In our 2006 article, we highlighted an emerging wave of interventionism by EU Member States that manifested itself in a variety of protectionist measures designed to prevent foreign takeovers and promote national champions. The European Commission had initiated infringement proceedings against several Member States that had invoked industry-specific national regulations in an attempt to prevent takeovers of national companies by foreign competitors, when those transactions had already been cleared unconditionally by the Commission under its exclusive jurisdiction under the EU Merger Regulation (“EUMR”).
In a number of further cases, the Commission had been powerless to prevent the (attempted) creation of national champions, as it was unable to assert its jurisdiction over mergers between largely domestic players that were subject to the EUMR’s “two-thirds rule.” Member States were criticized for applying public interest considerations that were unrelated to competition policy to clear a merger creating a national champion.
Against this background, we examined the compatibility of a range of protectionist State measures with the Internal Market and queried whether the overriding interests of the Internal Market would justify the abolition of the two-thirds rule.
Nearly six years later, in the wake of a global financial crisis that gives rise to protectionist temptations once again, the rule is still in place despite mounting criticism.
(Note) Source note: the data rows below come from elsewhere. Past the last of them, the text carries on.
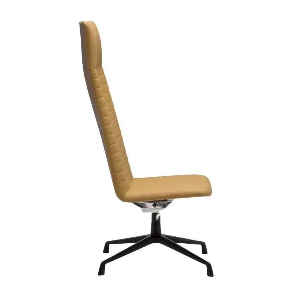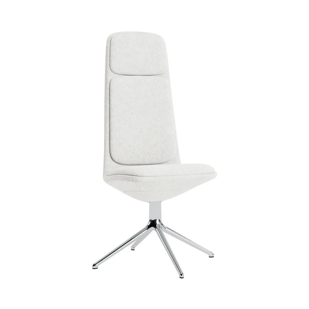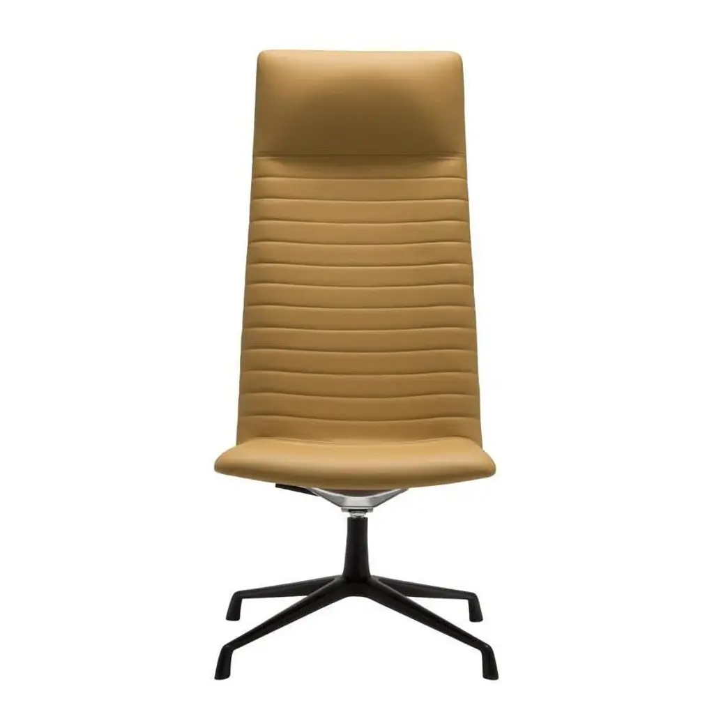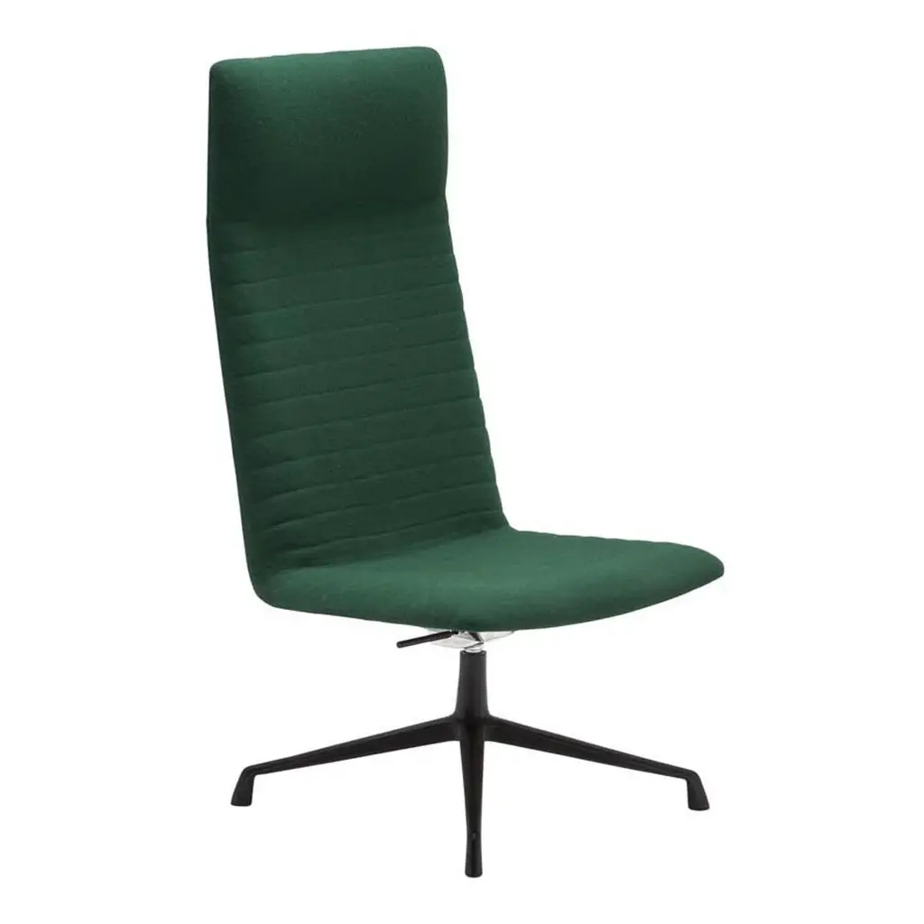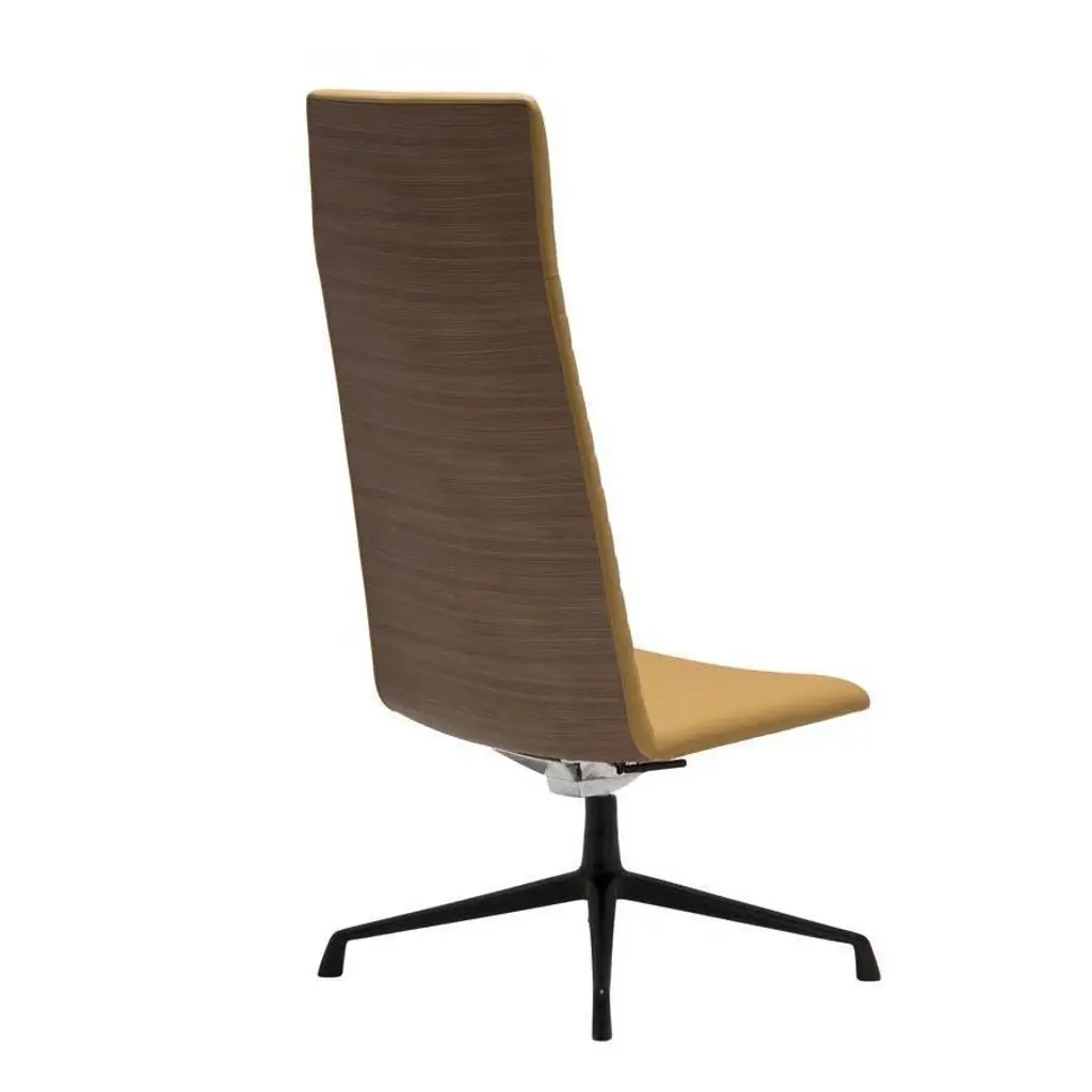 High back lounge chair with upholstered shell and aluminum swivel four-star base with self-return and finished in polished aluminum, white or black. Additional options include: parallel upholstery stitching, tilt mechanism and back finished in walnut veneer. The Flex family of seating has evolved with the addition of the new collection Flex Executive. This collection consists of conference chairs and armchairs that are available in three backrest versions: low, intermediate, and high. Additionally, two versions of lounge chairs, with two distinct backrest heights, complete the collection. Additional options include back finished in walnut veneer.
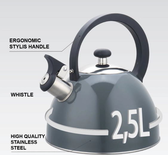 Praktikus, sípoló Maestro vízforraló 2,5 l űrtartalommal, minőségi rozsdamentes acélból, ideális mindennapi tea- és kávékészítéshez. A minden tűzhelytípuson, beleértve az indukciósat is, univerzálisan használható kialakításnak, a többrétegű kapszulás fenéknek a gyors és egyenletes melegítéshez, valamint a levehető fedélnek a könnyű tisztításért köszönhetően biztonságos és kényelmes használatot kínál bármely konyhában.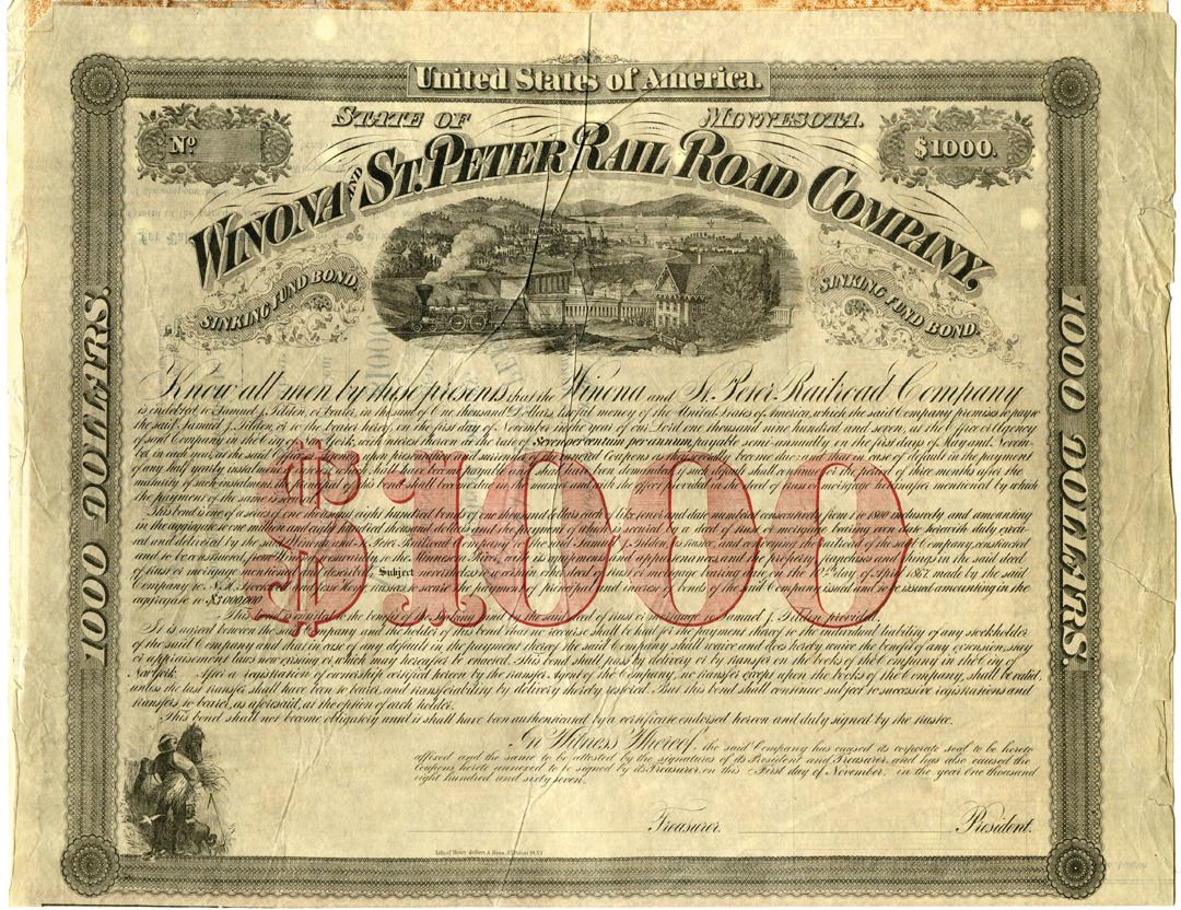 Minnesota, 1867. $1000 Unmarked Specimen 7% Sinking Fund Coupon Bond, Black text with black border and red underprint, Scene of a train passing though a town at top center. Fine to almost VF condition with folds, small tears at bottom and excess paper sides not into design. Lith. Of Henry Seibert & Bros. Rare bond in Cox, only listed as an unmarked specimen.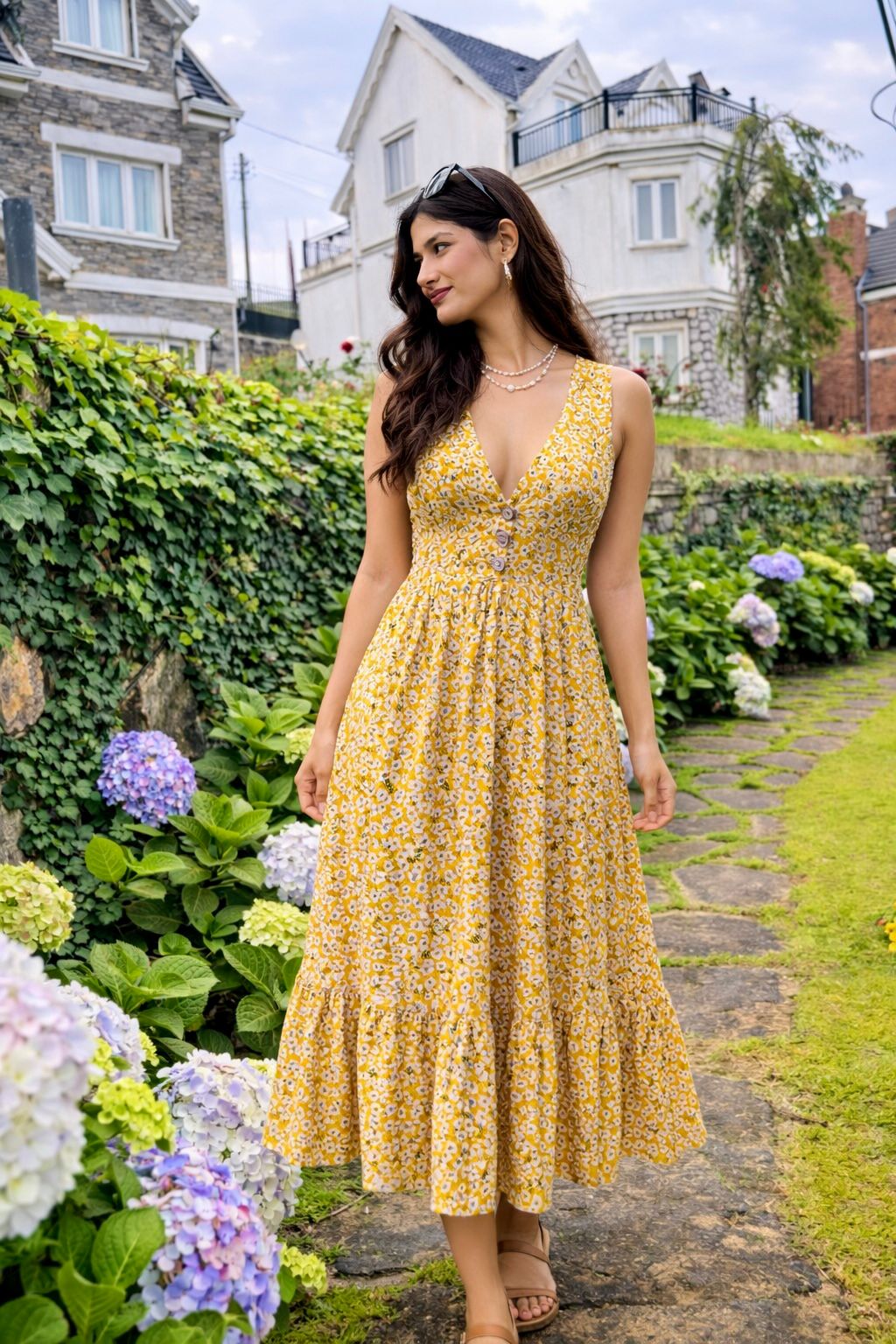 Yellow Ditsy Floral Dress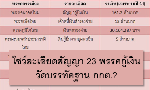 ไม่ใช่แค่ อนค.! เปิดอีก 7 พรรคกู้ยืมเงิน กก.บริหารฯหลักสิบล.-ใช้เป็นเงินทดรองจ่าย?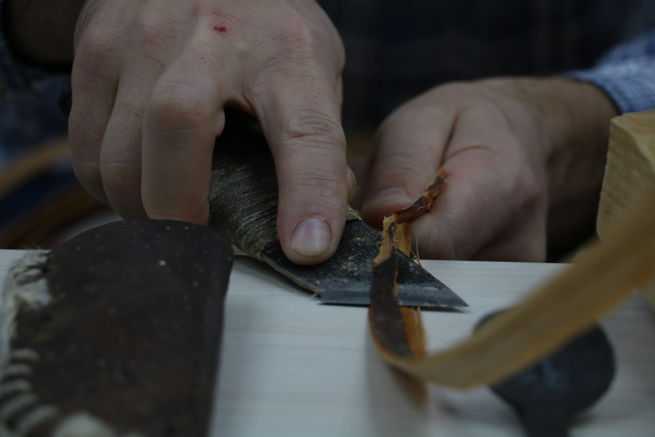 — Она объяснила мне весь процесс плетения в деталях, показала, как весной добывает липовую кору — лыко, научила работать кочедыком — это плоское изогнутое шило, — рассказывает и показывает Владимир.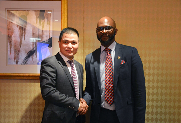 11月8日,瑞豐德永集團董事長陳洪松先生、集團高層龔彥斌先生,在我司香港總部(力寶中心)歡迎遠道而來的圣基茨?尼維斯總理Timothy Harris先生、移民部長Les Khan先生和律師Scantlebury先生。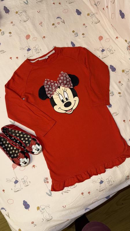 Бавовняна сукня, тканина двонитка. Оздоблено наліпкою Мінні Маус з обʼємним бантиком та рюшею по низу. У подарунок балетки. Червоного кольору.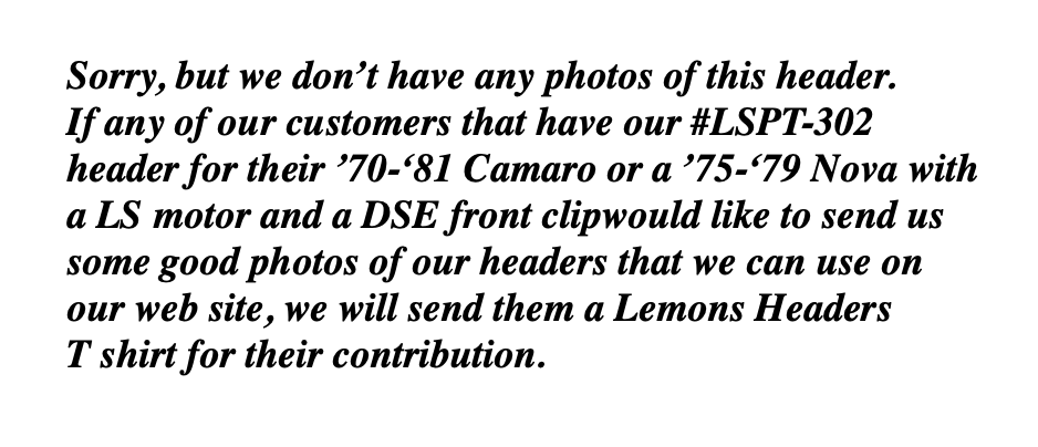 #LSPT-302 – ‘70-’81 CAMARO LS-1 TO LS-7 – ‘75-’79 NOVA LS-1 TO LS-7 – LS Pro Tour header for Detroit Speed & Engineering chassis

The economic crisis and the often painful adjustments arising from the ensuing debt consolidation process provide a seemingly compelling justification for some governments to resort to interventionist industrial policies based on the belief that governments can “pick winners” by creating or protecting national champions.
However, the Commission’s recent decisional practice demonstrates its continued resolve to block the creation of national—or even European—champions where it considers that such mergers would significantly impede effective competition.